Using 'alias' in Elixir
This one is short, but I think I should white down this insight.
My main argument (not just against Ruby, but overall) looks like this: “Code should annotate not only dependencies, but dependants”.
In case of Elixir dependencies are easy to track just by looking at alias
and import
(rarely use
). However, annotating dependants would make writing code an unpleasant experience. But there’s a way.
There’re 2 (okay, 1.5) ways to write alias
:
alias SomeProject.SomeModule1
alias SomeProject.SomeModule2
and
alias SomeProject.{SomeModule1, SomeModule2}
I think, that the first way is preferable. Why?
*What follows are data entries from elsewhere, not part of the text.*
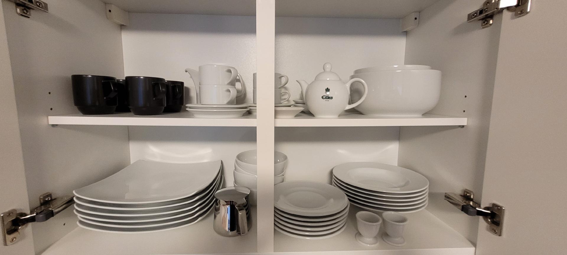 Die Küchenzeilen sind mit allem, was man braucht ausgestattet, inklusive Kühl-/Gefrierschrank und Microwelle mit Grill, in den 1-Zimmer-Studios ein 2-Platten-Kochfeld und in allen 2-Zimmer Apartments ein 4-Platten-Kochfeld und zusätzlich eine Spülmaschine. In der Familienwohnung auch einen Backofen. In allen Wohnungen finden Sie Toaster, Wasserkocher, Senseo-Pad-Kaffeemaschine, Microwelle mit Grillfunktion, Geschirr, Besteck, Töpfe, Pfanne, Nudelsieb, scharfes Kochmesser, Brotmesser, Schneidebrett, Topflappen, Dosenöffner, Korkenzieher, Wasser,- Rotwein- und Biergläser, Spüli, Spültabs, Geschirrtücher, -Bürste und -Lappen, Kehrbesen und Schaufel ...
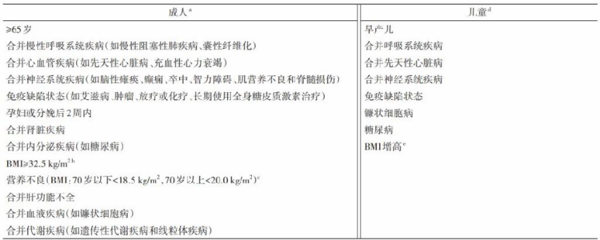 以下高危人群感染流感病毒后易发展为重型/危重型病例,应给予高度重视,提前接种疫苗,出现症状后及时进行流感病毒核酸检测及其他必要检查。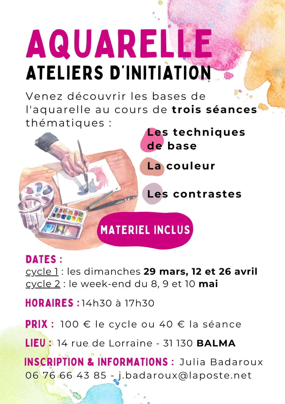 Ateliers d’initiation à l’aquarelle avec Julia Badaroux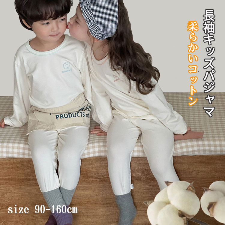 秋冬 子供服 パジャマ ルームウェア 男の子 女の子 下着 インナー コットン かわいい 長袖 2点セット キッズ 100 110 120 130 140 150 160cm 上下 部屋着 寝間着 ジ

Because it automatically “annotates” dependants (spoiler: use grep
).
Let’s suppose there’re three modules in our system: SomeProject.Family.Father
, SomeProject.Family.Son1
, SomeProject.Family.Son2
. Module SomeProject.Family.Father
uses ..Son1
and ..Son2
.
In case of full annotation
defmodule SomeProject.Family.Father do
alias SomeProject.Family.Son1
alias SomeProject.Family.Son2
searching full module name SomeProject.Family.Son1
would tell, that this name is mentioned in SomeProject.Family.Father
, but using short annotation
defmodule SomeProject.Family.Father do
alias SomeProject.Family.{Son1, Son2}
searching full module name SomeProject.Family.Son1
will tell nothing.
One might argue: “But you can search Son1
and not the full name?” But that works only for unique short names. In case of “SomeProject.Family1.{Father, Son1, Son2}
and SomeProject.Family2.{Father, Son1, Son2}
” you’ll have to sort out things manually, when grep
can easily take care of full annotations (hint: grep
doesn’t get tired like you do).
Summary: project should be “greppable”, but doing nothing to make it so will render project almost impossible to understand (hello, Ruby).